--- START ---
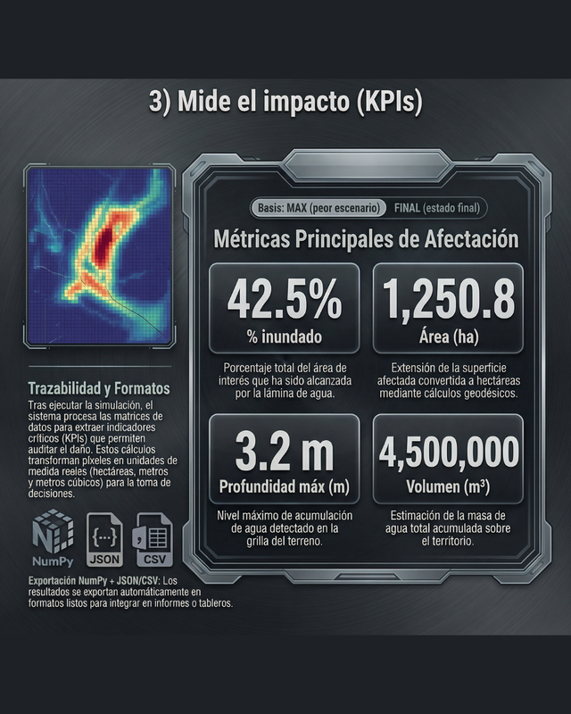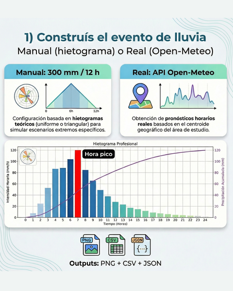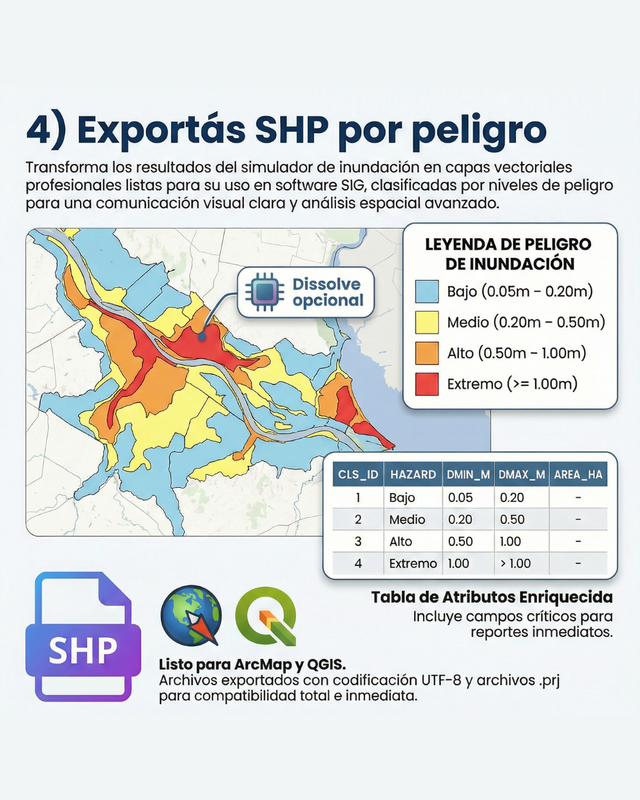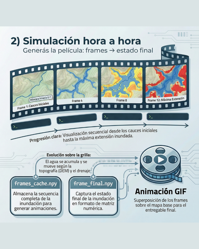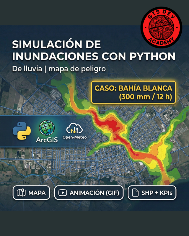 Curso práctico donde construís un simulador real de inundaciones con Python, desde la descarga de datos hasta resultados GIS profesionales: GIF animado, shapefiles, CSV y mapas finales, ejecutado por terminal y listo para QGIS/ArcGIS.
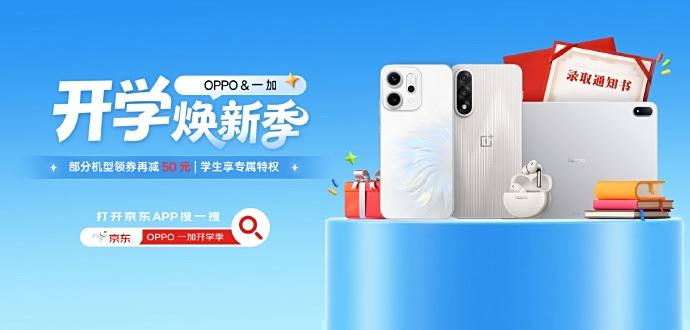 【天极网手机频道】随着新学期的到来,OPPO、一加联合推出了“开学焕新季”活动,为学生用户带来了多重专属福利与购机好礼。即日起,通过某东平台购买指定机型,不仅能享受学生专属价格,还能领取购机补贴与实用好礼,助力新学期学习与娱乐全面升级。
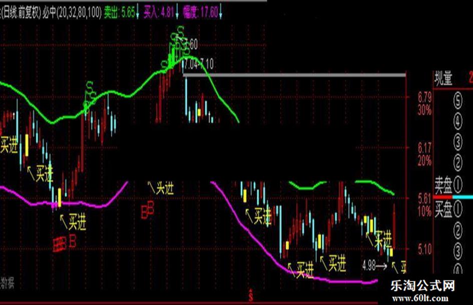 DRAWTEXT(CROSS(C,买入) OR (L<买入),LOW*0.95,'B'),COLORRED,LINETHICK2;
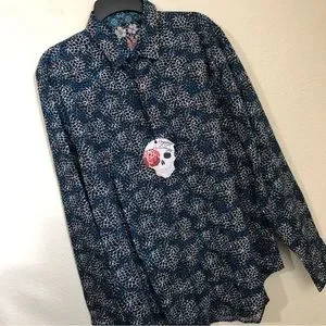 ROBERT GRAHAM Large Baltic Long Sleeve Shirt Flip Cuff Navy Floral Geometric NWT
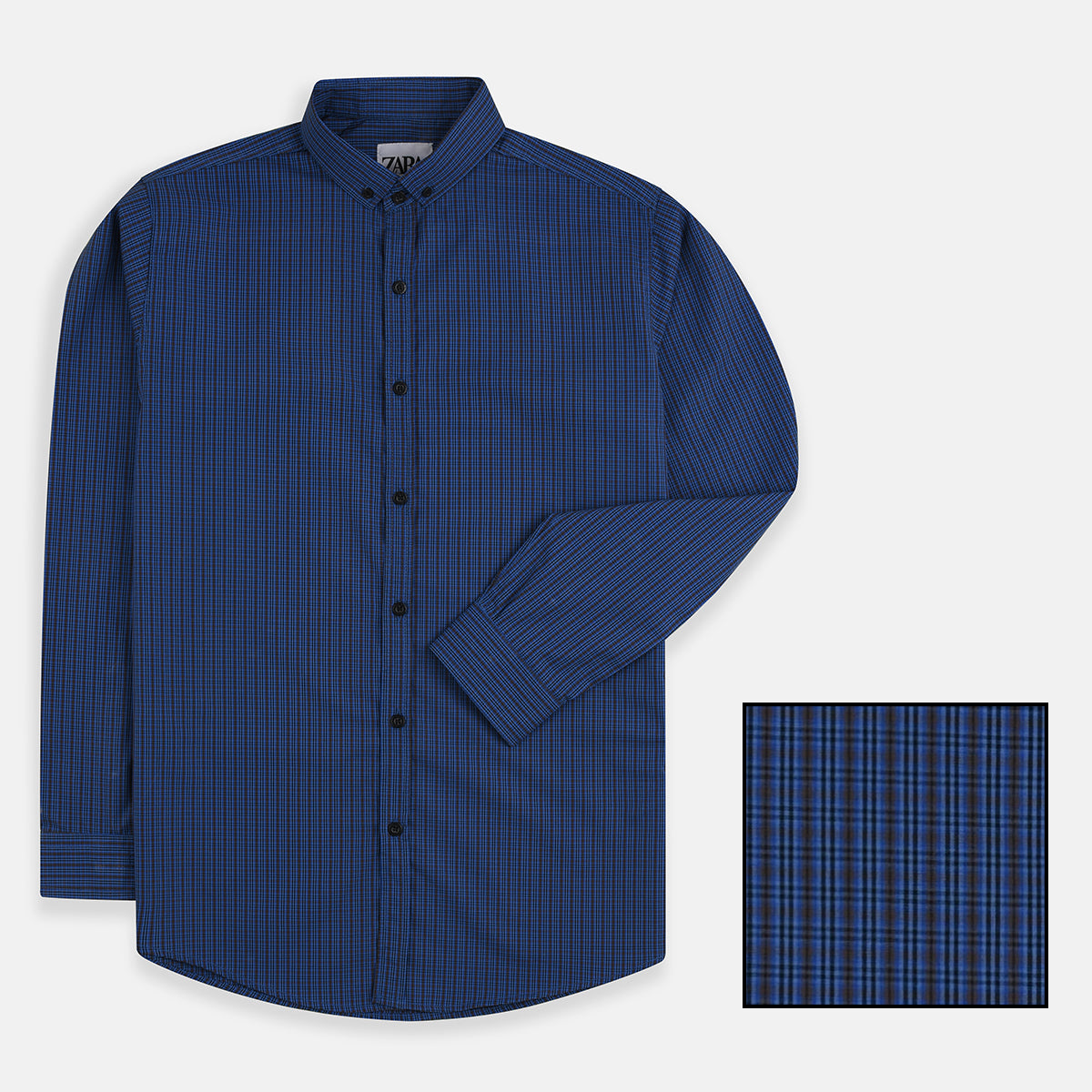 - ZR Mini Lines Check Blue Casual Shirt 4685
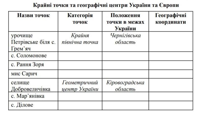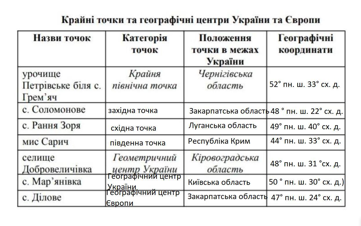 - Крайні точки та географічні центри України та Європи дани у таблиці нижче у додатку.
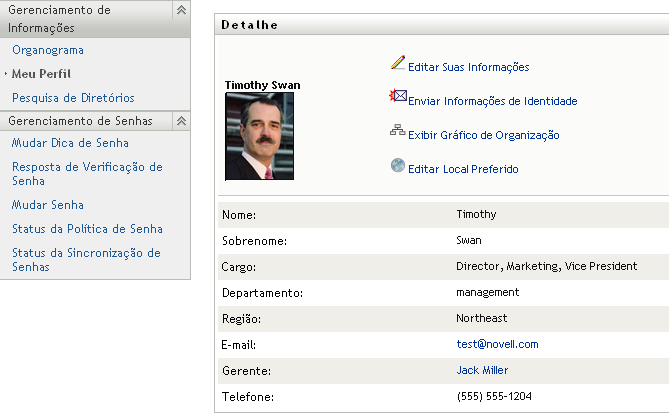 Veja a seguir um cenário que mostra como alguém pode se vincular aos detalhes de outro usuário ou grupo. Timothy Swan (Vice-presidente de Marketing) efetua login no Aplicativo de Usuário do Identity Manager e vai para a página Meu Perfil:
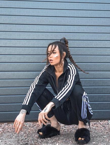 В своем Instagram певица опубликовала фото, на котором она сидит на корточках в черном спортивном костюме и тапочках с мехом, передает Час Пик.
--- END ---
• REQUIRED WORK: Apart from the pictures, every line of the data above should be given again exactly.

• EXERCISE OUTPUT:
 Curso práctico donde construís un simulador real de inundaciones con Python, desde la descarga de datos hasta resultados GIS profesionales: GIF animado, shapefiles, CSV y mapas finales, ejecutado por terminal y listo para QGIS/ArcGIS.
 【天极网手机频道】随着新学期的到来,OPPO、一加联合推出了“开学焕新季”活动,为学生用户带来了多重专属福利与购机好礼。即日起,通过某东平台购买指定机型,不仅能享受学生专属价格,还能领取购机补贴与实用好礼,助力新学期学习与娱乐全面升级。
 DRAWTEXT(CROSS(C,买入) OR (L<买入),LOW*0.95,'B'),COLORRED,LINETHICK2;
 ROBERT GRAHAM Large Baltic Long Sleeve Shirt Flip Cuff Navy Floral Geometric NWT
 - ZR Mini Lines Check Blue Casual Shirt 4685
 - Крайні точки та географічні центри України та Європи дани у таблиці нижче у додатку.
 Veja a seguir um cenário que mostra como alguém pode se vincular aos detalhes de outro usuário ou grupo. Timothy Swan (Vice-presidente de Marketing) efetua login no Aplicativo de Usuário do Identity Manager e vai para a página Meu Perfil:
 В своем Instagram певица опубликовала фото, на котором она сидит на корточках в черном спортивном костюме и тапочках с мехом, передает Час Пик.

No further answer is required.